Yung Wu is/was a band, not an individual. With that sorted out, in my opinion this New Jersey five-piece may as well have dubbed themselves "That Feelies spinoff band." Not only does that denote there lineage, it invariably trails any mention of Yung Wu anywhere, be it online, The Trouser Press Record Guide, or even the occasional '80s fanzine that was thoughtful enough to offer them some press three decades back.
In a nutshell, the story goes like this. After the very belated release of the Feelies not-so-difficult sophomore LP, 1986's The Good Earth, yet another hiatus was in order. This sabbatical would entail the revival of Yung Wu, a band that had it's roots in The Trypes. Dating back to 1982, the Trypes were local indie scenesters who included a guy named Glenn Mercer in their ranks, who just happened to be the Feelies prime mover. In the ranks of this arcane indie curiosity sat Glenn on drums, a 180 from his role in the Feelies.

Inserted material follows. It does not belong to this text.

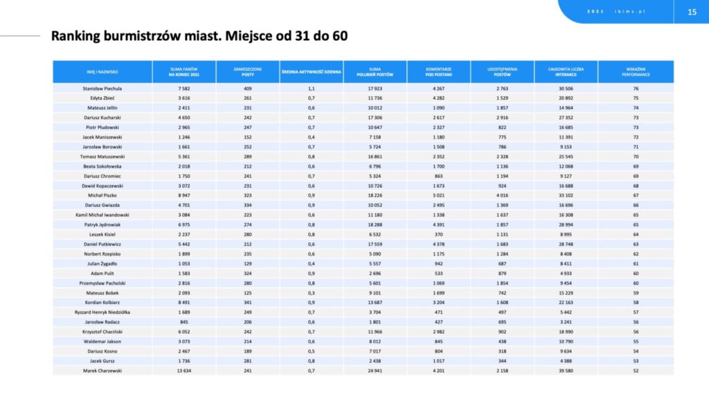 W całym Rankingu wśród najbardziej wpływowych profili znajdują się kanały włodarzy zarówno małych miasteczek, jak i prężnie działających miast powiatowych. Jak zauważają autorzy Raportu Burmistrzowie potrafią generować wyniki nie gorsze od prezydentów miast wojewódzkich czy marszałków! Najwyraźniej wielkość miasta dla budowania skutecznego kontaktu z mieszkańcami nie jest aż taka istotna.

In fact, there was a lot of musical chairs at play in the Trypes fluid ranks, but eventually, the Feelies full-time percussionist, Dave Weckerman, found himself at the head of the class, and with his acquisition of the microphone a fresh modus operandi was set into motion - and the birth of a new entity altogether, Yung Wu.
Essentially a slightly modified configuration of The Feelies, Yung Wu's lineup consisted of Weckerman on vocals, Stan Demeski filling in Dave's stead on drums, Glenn was relegated to guitars (as was Bill Million per his usual role), Brenda Sauter handled bass and John Baumgartner played keys. Intentionally or not, the Feelies settled on a highly effective formula of brisk, strummy chords, plaintive songwriting, and an indigenous angle of tension (loosely interpreted from the Velvets), all the way back to their 1980 debut, Crazy Rhythms. With YW's reshuffled lineup, largely consisting of the same members, the proceedings were logically a bit more creative, while still fitting quite solidly in the mold of their main gig. Shore Leave's opener (and title track) doesn't stray far from the Feelies ranch, at least not sonically, but Weckerman brings a welcome narrative touch to the table. "Aspiration" exudes soft, rustic overtones with glints of everyone from Chris Knox to Television, and is mightily catchy to boot. Shore Leave's master stroke arrives relatively early in the guise of "Spinning," bearing a juicy, opulent chorus hook that arguably ranks within the top-ten songs in the entire Feelies orbit, period. And if you're desperately hankering for something in the Feelies vein proper, "Modern Farmer" could sit comfortably on their first two records.
Per Weckerman's liner notes. Yung Wu weren't offered the opportunity to cut an album until 1986 or so, but even with their moderately lengthy tenure they only had eight original songs to lay down. To flesh out an entire LP, some supplemental covers were in order - and boy, did Yung Wu pick some splendidly suitable tunes. We're treated to a fairly straight but effective reading of Neil Young's "Powderfinger," and ditto for an old Stone's b-side, "Child of the Moon."
Shore Leave isn't a start-to-finish classic, but try telling that to a die-hard Feelies acolyte and see how far that gets you. It is however a cut well above most spinoff "projects," in the respect that Yung Wu treat the record in the same thoughtful, par excellence mold of Crazy Rhythms and Good Earth. Equally striking is the fact that going into Shore Leave doesn't require any level of Feelies fandom for optimal appreciation...but it doesn't hurt to have a foot in the door. Shore Leave is available physically and digitily straight from Bar/None, Amazon and iTunes, however the vinyl version was a strictly limited Record Store Day title. I understand a few copies remain through bar-none.com, but otherwise your local mom and pop may have a stray copy in stock. As a bonus, the LP version contains a bonus flexi-disc of an early Dave Weckerman single.